Go through the entries and transcribe each one exactly, dropping the pictures.

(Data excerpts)
#####

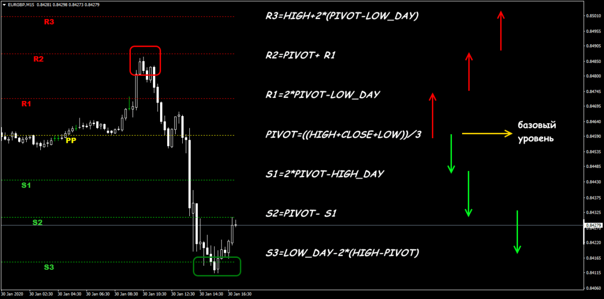 Сначала рассчитывается ключевой уровень PP (в центре) как среднеарифметическое из трех основных цен – max, min и цены закрытия (см. на схеме ниже).
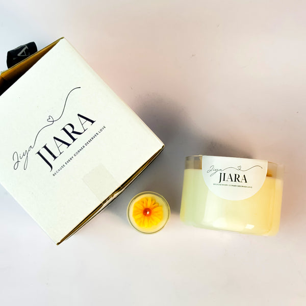 Bring a touch of floral elegance and soothing fragrance into your space with our Yellow Sunflower Scented Candle Set. Handcrafted with love, this charming set includes one beautifully detailed white sunflower candle and two complementary mini floral candles – perfect for gifting or adding a decorative accent to any room. Each sunflower candle measures 2 inches in height and 3 inches in width, made with 150 grams of premium soy waxfor a cleaner, longer-lasting burn. The natural soy wax ensures a non-toxic, eco-friendly experience, ideal for any home environment. Customizable Fragrance: Choose from a variety of delightful scents to match your mood or occasion – whether it's calming lavender, refreshing citrus, sweet vanilla, or any fragrance of your preference. Elegant Glass Jar: Housed in a sleek, reusable glass container, this candle not only smells wonderful but also adds a touch of sophistication to your décor. Its floral design makes it a...
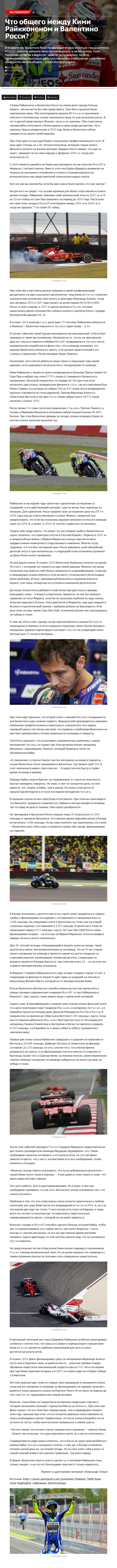 В то время как Валентино Росси продолжает упорно бороться с трудностями в MotoGP, стараясь доказать свою состоятельность, и не без успеха, Кими Райкконен остается в Формуле 1 едва ли не по инерции. Но если проанализировать ситуации двух прославленных спортсменов, у них можно обнаружить немало общего… Слово Митчеллу Адаму…
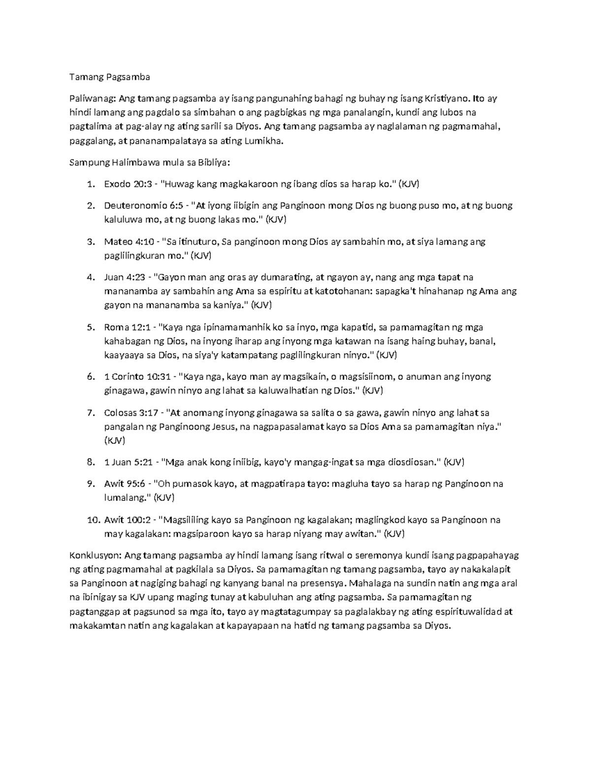 Tamang Pagsamba - FILIPINO SERMON - Tamang Pagsamba Paliwanag: Ang ...
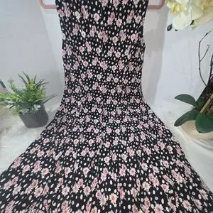 Embrace elegance with this sleeveless floral dress. Featuring a stunning black and pink pattern, it's perfect for any occasion.
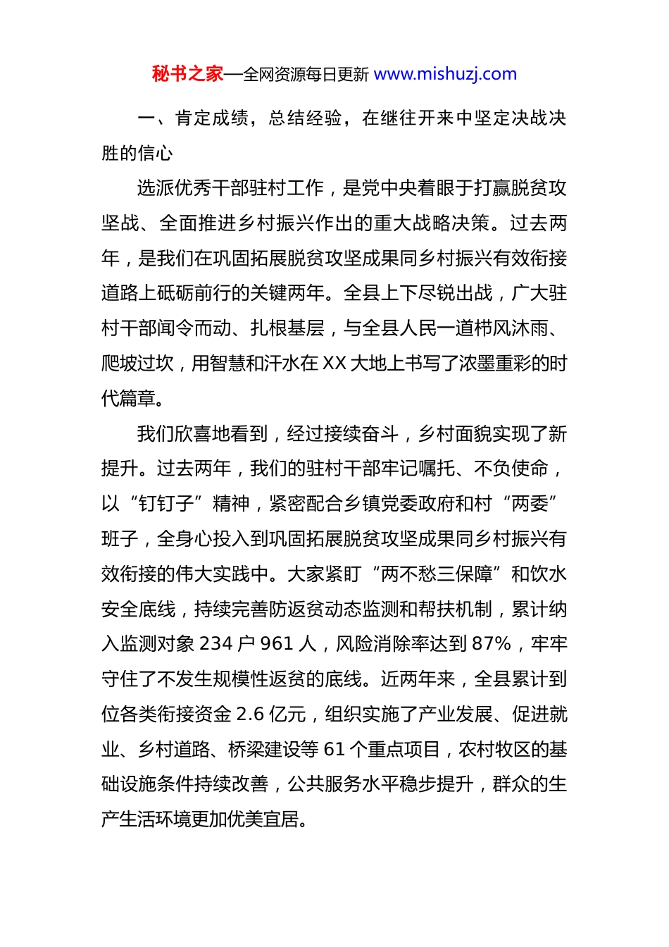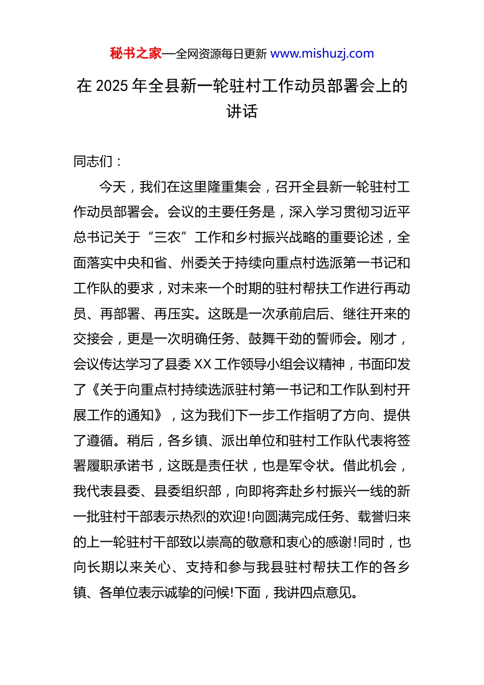 秘书之家—全网资源每日更新 www.mishuzj.com在 2025 年全县新一轮驻村工作动员部署会上的讲话 同志们:今天,我们在这里隆重集会,召开全县新一轮驻村工作动员部署会。会议的主要任务是,深入学习贯彻习近平总书记关于“三农”工作和乡村振兴战略的重要论述,全面落实中央和省、州委关于持续向重点村选派第一书记和工作队的要求,对未来一个时期的驻村帮扶工作进行再动员、再部署、再压实。这既是一次承前启后、继往开来的交接会,更是一次明确任务、鼓舞干劲的誓师会。刚才,会议传达学习了县委 XX 工作领导小组会议精神,书面印发了《关于向重点村持续选派驻村第一书记和工作队到村开展工作的通知》,这为我们下一步工作指明了方向、提供了遵循。稍后,各乡镇、派出单位和驻村工作队代表将签署履职承诺书,这既是责任状,也是军令状。借此机会,我代表县委、县委组织部,向即将奔赴乡村振兴一线的新一批驻村干部表示热烈的欢迎!向圆满完成任务、载誉归来的上一轮驻村干部致以崇高的敬意和衷心的感谢!同时,也向长期以来关心、支持和参与我县驻村帮扶工作的各乡镇、各单位表示诚挚的问候!下面,我讲四点意见。秘书之家—全网资源每日更新 www.mishuzj.com一、肯定成绩,总结经验,在继往开来中坚定决战决胜的信心选派优秀干部驻村工作,是党中央着眼于打赢脱贫攻坚战、全面推进乡村振兴作出的重大战略决策。过去两年,是我们在巩固拓展脱贫攻坚成果同乡村振兴有效衔接道路上砥砺前行的关键两年。全县上下尽锐出战,广大驻村干部闻令而动、扎根基层,与全县人民一道栉风沐雨、爬坡过坎,用智慧和汗水在 XX 大地上书写了浓墨重彩的时代篇章。我们欣喜地看到,经过接续奋斗,乡村面貌实现了新提升。过去两年,我们的驻村干部牢记嘱托、不负使命,以“钉钉子”精神,紧密配合乡镇党委政府和村“两委”班子,全身心投入到巩固拓展脱贫攻坚成果同乡村振兴有效衔接的伟大实践中。大家紧盯“两不愁三保障”和饮水安全底线,持续完善防返贫动态监测和帮扶机制,累计纳入监测对象 234 户 961 人,风险消除率达到 87%,牢牢守住了不发生规模性返贫的底线。近两年来,全县累计到位各类衔接资金 2.6 亿元,组织实施了产业发展、促进就业、乡村道路、桥梁建设等 61 个重点项目,农村牧区的基础设施条件持续改善,公共服务水平稳步提升,群众的生产生活环境更加优美宜居。秘书之家—全网资源每日更新 www.mishuzj.com我们欣喜地看到,经过接续奋斗,群众生活迈上了新台阶。驻村工作,核心在人,关键在民。我们的工作队始终把群众的安危冷暖放在心上,把富民增收作为首要任务。通过持续抓好稳岗就业,全县脱贫人口务工就业达到4936 人;通过大力发展特色产业,我们的生态畜牧业、光伏扶贫、旅游扶贫等富民产业不断壮大。数据是最有力的证 明:到 2023 年底 ,全县脱贫 户人均纯收 入达到了12498.03 元,同比增长 25.5%,这个增幅来之不易,饱含了大家的心血与付出。更为可喜的是,全县 20 个行政村集体经济全面实现“破零”,其中 12 个村年收入突破百万元大关,2 个村甚至突破了千万元,村级组织自我“造血”功能和服务群众能力显著增强。我们欣喜地看到,经过接续奋斗,干部队伍锤炼了新作风。乡村振兴一线是淬炼干部党性、磨砺干部意志、提升干部能力的“大熔炉”和“练兵场”。两年来,一批又一批驻村干部告别家人,奔赴基层,吃在村、住在村、干在村,把群众当亲人,把村庄当家乡,解决了一大批群众急难愁盼问题,调解了大量矛盾纠纷,办成了一系列好事实事,赢得了群众的广泛赞誉,在实践中砥砺了初心、增长了才干,展现了新时代 XX 干部的良好形象,为打赢巩固衔接这场“翻身仗”贡献了不可替代的重要力量。秘书之家—全网资源每日更新 www.mishuzj.com这些成绩的取得,是县委、县政府坚强领导的结果,是各乡镇、各单位通力协作的结果,更是全体驻村干部倾情奉献、扎实工作的结果。实践充分证明,驻村帮扶工作队是党的政策的“宣传队”,是社情民意的“信息员”,是为民办事的“服务员”,是推动发展的“战斗员”。在此,我再次向大家表示衷心的感谢!...

#####

**RESULT FOR THIS TASK**:
 Сначала рассчитывается ключевой уровень PP (в центре) как среднеарифметическое из трех основных цен – max, min и цены закрытия (см. на схеме ниже).
 Bring a touch of floral elegance and soothing fragrance into your space with our Yellow Sunflower Scented Candle Set. Handcrafted with love, this charming set includes one beautifully detailed white sunflower candle and two complementary mini floral candles – perfect for gifting or adding a decorative accent to any room. Each sunflower candle measures 2 inches in height and 3 inches in width, made with 150 grams of premium soy waxfor a cleaner, longer-lasting burn. The natural soy wax ensures a non-toxic, eco-friendly experience, ideal for any home environment. Customizable Fragrance: Choose from a variety of delightful scents to match your mood or occasion – whether it's calming lavender, refreshing citrus, sweet vanilla, or any fragrance of your preference. Elegant Glass Jar: Housed in a sleek, reusable glass container, this candle not only smells wonderful but also adds a touch of sophistication to your décor. Its floral design makes it a...
 В то время как Валентино Росси продолжает упорно бороться с трудностями в MotoGP, стараясь доказать свою состоятельность, и не без успеха, Кими Райкконен остается в Формуле 1 едва ли не по инерции. Но если проанализировать ситуации двух прославленных спортсменов, у них можно обнаружить немало общего… Слово Митчеллу Адаму…
 Tamang Pagsamba - FILIPINO SERMON - Tamang Pagsamba Paliwanag: Ang ...
 Embrace elegance with this sleeveless floral dress. Featuring a stunning black and pink pattern, it's perfect for any occasion.
 秘书之家—全网资源每日更新 www.mishuzj.com在 2025 年全县新一轮驻村工作动员部署会上的讲话 同志们:今天,我们在这里隆重集会,召开全县新一轮驻村工作动员部署会。会议的主要任务是,深入学习贯彻习近平总书记关于“三农”工作和乡村振兴战略的重要论述,全面落实中央和省、州委关于持续向重点村选派第一书记和工作队的要求,对未来一个时期的驻村帮扶工作进行再动员、再部署、再压实。这既是一次承前启后、继往开来的交接会,更是一次明确任务、鼓舞干劲的誓师会。刚才,会议传达学习了县委 XX 工作领导小组会议精神,书面印发了《关于向重点村持续选派驻村第一书记和工作队到村开展工作的通知》,这为我们下一步工作指明了方向、提供了遵循。稍后,各乡镇、派出单位和驻村工作队代表将签署履职承诺书,这既是责任状,也是军令状。借此机会,我代表县委、县委组织部,向即将奔赴乡村振兴一线的新一批驻村干部表示热烈的欢迎!向圆满完成任务、载誉归来的上一轮驻村干部致以崇高的敬意和衷心的感谢!同时,也向长期以来关心、支持和参与我县驻村帮扶工作的各乡镇、各单位表示诚挚的问候!下面,我讲四点意见。秘书之家—全网资源每日更新 www.mishuzj.com一、肯定成绩,总结经验,在继往开来中坚定决战决胜的信心选派优秀干部驻村工作,是党中央着眼于打赢脱贫攻坚战、全面推进乡村振兴作出的重大战略决策。过去两年,是我们在巩固拓展脱贫攻坚成果同乡村振兴有效衔接道路上砥砺前行的关键两年。全县上下尽锐出战,广大驻村干部闻令而动、扎根基层,与全县人民一道栉风沐雨、爬坡过坎,用智慧和汗水在 XX 大地上书写了浓墨重彩的时代篇章。我们欣喜地看到,经过接续奋斗,乡村面貌实现了新提升。过去两年,我们的驻村干部牢记嘱托、不负使命,以“钉钉子”精神,紧密配合乡镇党委政府和村“两委”班子,全身心投入到巩固拓展脱贫攻坚成果同乡村振兴有效衔接的伟大实践中。大家紧盯“两不愁三保障”和饮水安全底线,持续完善防返贫动态监测和帮扶机制,累计纳入监测对象 234 户 961 人,风险消除率达到 87%,牢牢守住了不发生规模性返贫的底线。近两年来,全县累计到位各类衔接资金 2.6 亿元,组织实施了产业发展、促进就业、乡村道路、桥梁建设等 61 个重点项目,农村牧区的基础设施条件持续改善,公共服务水平稳步提升,群众的生产生活环境更加优美宜居。秘书之家—全网资源每日更新 www.mishuzj.com我们欣喜地看到,经过接续奋斗,群众生活迈上了新台阶。驻村工作,核心在人,关键在民。我们的工作队始终把群众的安危冷暖放在心上,把富民增收作为首要任务。通过持续抓好稳岗就业,全县脱贫人口务工就业达到4936 人;通过大力发展特色产业,我们的生态畜牧业、光伏扶贫、旅游扶贫等富民产业不断壮大。数据是最有力的证 明:到 2023 年底 ,全县脱贫 户人均纯收 入达到了12498.03 元,同比增长 25.5%,这个增幅来之不易,饱含了大家的心血与付出。更为可喜的是,全县 20 个行政村集体经济全面实现“破零”,其中 12 个村年收入突破百万元大关,2 个村甚至突破了千万元,村级组织自我“造血”功能和服务群众能力显著增强。我们欣喜地看到,经过接续奋斗,干部队伍锤炼了新作风。乡村振兴一线是淬炼干部党性、磨砺干部意志、提升干部能力的“大熔炉”和“练兵场”。两年来,一批又一批驻村干部告别家人,奔赴基层,吃在村、住在村、干在村,把群众当亲人,把村庄当家乡,解决了一大批群众急难愁盼问题,调解了大量矛盾纠纷,办成了一系列好事实事,赢得了群众的广泛赞誉,在实践中砥砺了初心、增长了才干,展现了新时代 XX 干部的良好形象,为打赢巩固衔接这场“翻身仗”贡献了不可替代的重要力量。秘书之家—全网资源每日更新 www.mishuzj.com这些成绩的取得,是县委、县政府坚强领导的结果,是各乡镇、各单位通力协作的结果,更是全体驻村干部倾情奉献、扎实工作的结果。实践充分证明,驻村帮扶工作队是党的政策的“宣传队”,是社情民意的“信息员”,是为民办事的“服务员”,是推动发展的“战斗员”。在此,我再次向大家表示衷心的感谢!...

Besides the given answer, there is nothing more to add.